Records from a dataset:
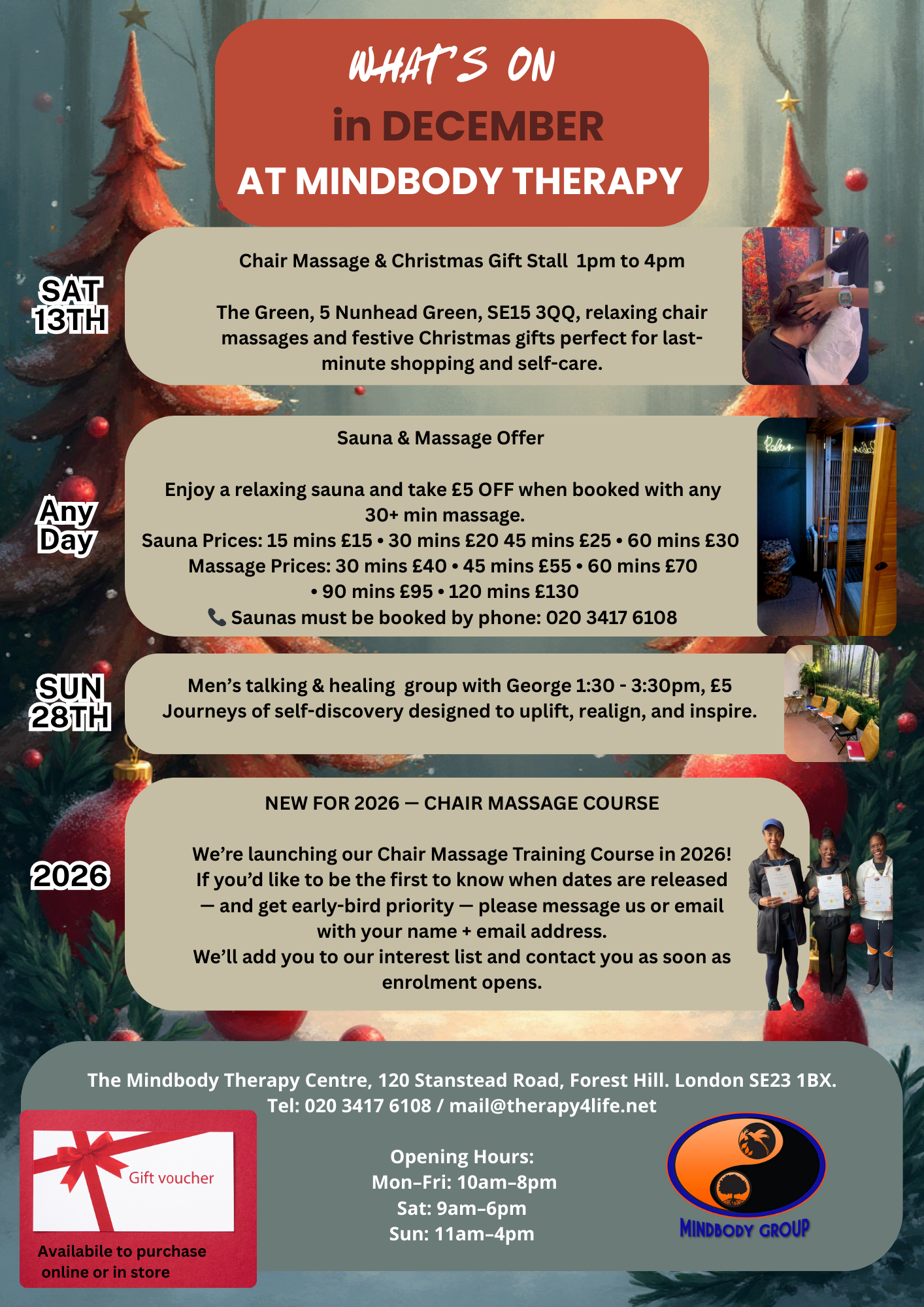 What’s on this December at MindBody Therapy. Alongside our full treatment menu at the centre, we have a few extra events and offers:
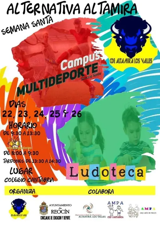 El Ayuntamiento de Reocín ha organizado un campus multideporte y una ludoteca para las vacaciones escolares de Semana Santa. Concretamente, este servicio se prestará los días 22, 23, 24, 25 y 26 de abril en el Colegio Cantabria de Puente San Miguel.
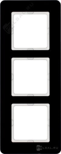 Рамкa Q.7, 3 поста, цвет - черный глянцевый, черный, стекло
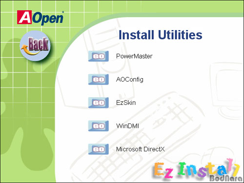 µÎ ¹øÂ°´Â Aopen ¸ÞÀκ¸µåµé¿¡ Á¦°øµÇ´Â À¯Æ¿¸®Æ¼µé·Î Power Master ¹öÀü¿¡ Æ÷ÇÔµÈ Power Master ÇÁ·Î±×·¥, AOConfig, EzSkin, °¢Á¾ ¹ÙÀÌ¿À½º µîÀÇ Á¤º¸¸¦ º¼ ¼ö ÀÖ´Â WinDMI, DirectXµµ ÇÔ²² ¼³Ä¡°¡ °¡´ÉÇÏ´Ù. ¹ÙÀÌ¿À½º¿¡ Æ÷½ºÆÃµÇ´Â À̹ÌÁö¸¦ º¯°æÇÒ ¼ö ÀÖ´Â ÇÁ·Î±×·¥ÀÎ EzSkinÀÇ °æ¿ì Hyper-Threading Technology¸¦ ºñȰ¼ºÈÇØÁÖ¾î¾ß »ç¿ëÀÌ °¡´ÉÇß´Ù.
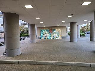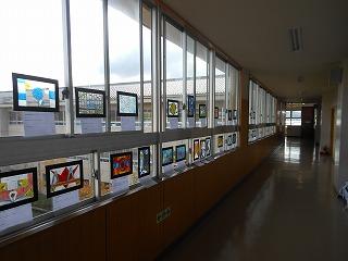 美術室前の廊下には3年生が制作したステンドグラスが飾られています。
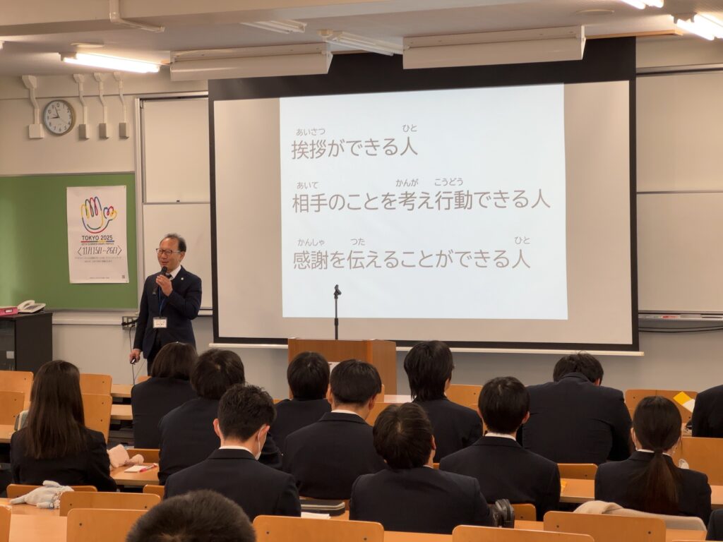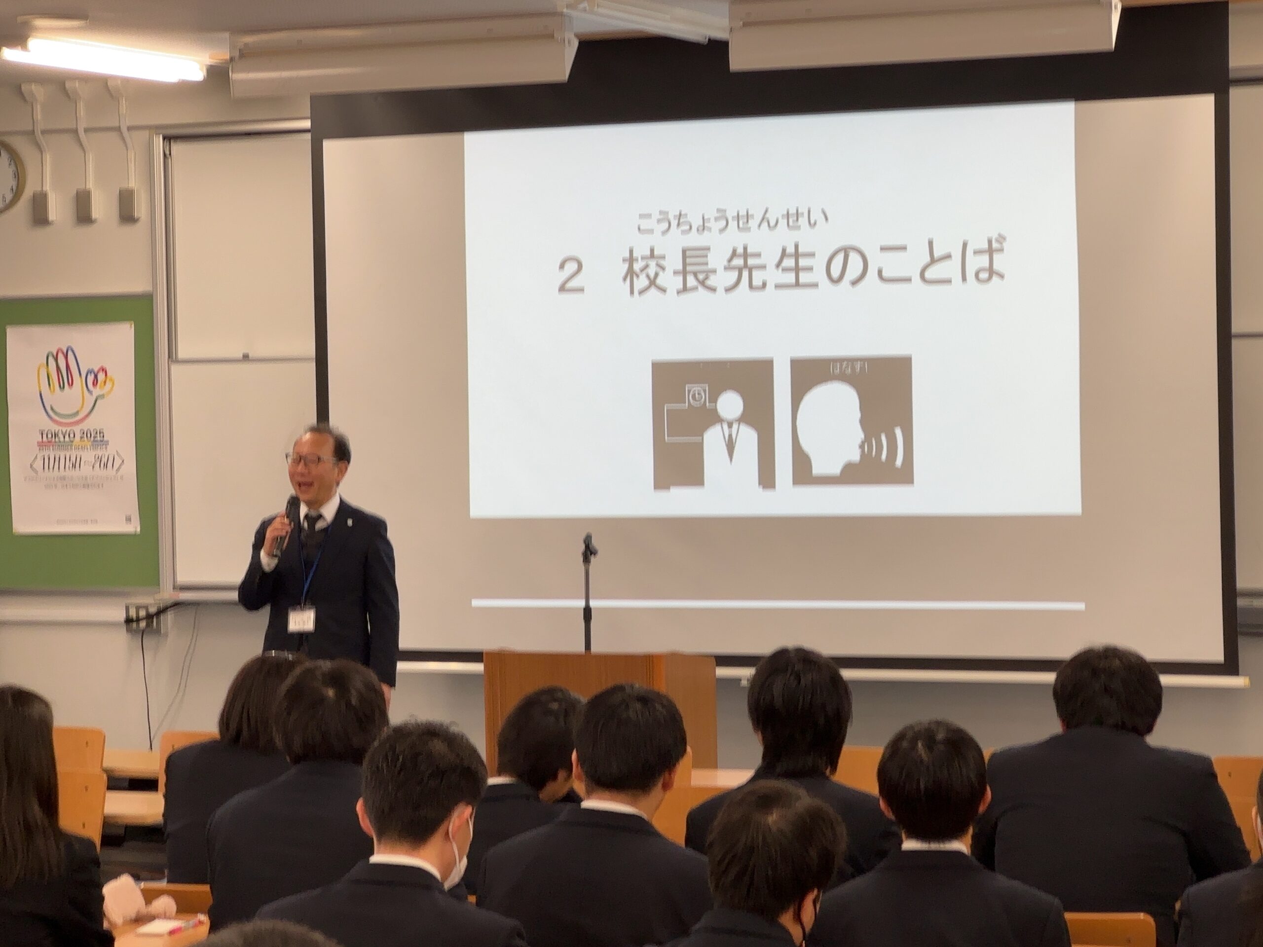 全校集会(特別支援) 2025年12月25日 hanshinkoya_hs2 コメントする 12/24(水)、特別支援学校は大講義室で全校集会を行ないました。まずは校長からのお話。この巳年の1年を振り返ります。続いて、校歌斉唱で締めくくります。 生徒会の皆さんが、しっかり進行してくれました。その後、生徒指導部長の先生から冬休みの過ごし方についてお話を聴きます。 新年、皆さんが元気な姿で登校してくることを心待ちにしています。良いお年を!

Task:
Where the line containing "El Ayuntamiento de" appears, begin copying there and continue exactly through the final line of the records; both end lines belong in the copy, pictures do not.

Result of the task:
 El Ayuntamiento de Reocín ha organizado un campus multideporte y una ludoteca para las vacaciones escolares de Semana Santa. Concretamente, este servicio se prestará los días 22, 23, 24, 25 y 26 de abril en el Colegio Cantabria de Puente San Miguel.
 Рамкa Q.7, 3 поста, цвет - черный глянцевый, черный, стекло
 µÎ ¹øÂ°´Â Aopen ¸ÞÀκ¸µåµé¿¡ Á¦°øµÇ´Â À¯Æ¿¸®Æ¼µé·Î Power Master ¹öÀü¿¡ Æ÷ÇÔµÈ Power Master ÇÁ·Î±×·¥, AOConfig, EzSkin, °¢Á¾ ¹ÙÀÌ¿À½º µîÀÇ Á¤º¸¸¦ º¼ ¼ö ÀÖ´Â WinDMI, DirectXµµ ÇÔ²² ¼³Ä¡°¡ °¡´ÉÇÏ´Ù. ¹ÙÀÌ¿À½º¿¡ Æ÷½ºÆÃµÇ´Â À̹ÌÁö¸¦ º¯°æÇÒ ¼ö ÀÖ´Â ÇÁ·Î±×·¥ÀÎ EzSkinÀÇ °æ¿ì Hyper-Threading Technology¸¦ ºñȰ¼ºÈÇØÁÖ¾î¾ß »ç¿ëÀÌ °¡´ÉÇß´Ù.
 美術室前の廊下には3年生が制作したステンドグラスが飾られています。
 全校集会(特別支援) 2025年12月25日 hanshinkoya_hs2 コメントする 12/24(水)、特別支援学校は大講義室で全校集会を行ないました。まずは校長からのお話。この巳年の1年を振り返ります。続いて、校歌斉唱で締めくくります。 生徒会の皆さんが、しっかり進行してくれました。その後、生徒指導部長の先生から冬休みの過ごし方についてお話を聴きます。 新年、皆さんが元気な姿で登校してくることを心待ちにしています。良いお年を!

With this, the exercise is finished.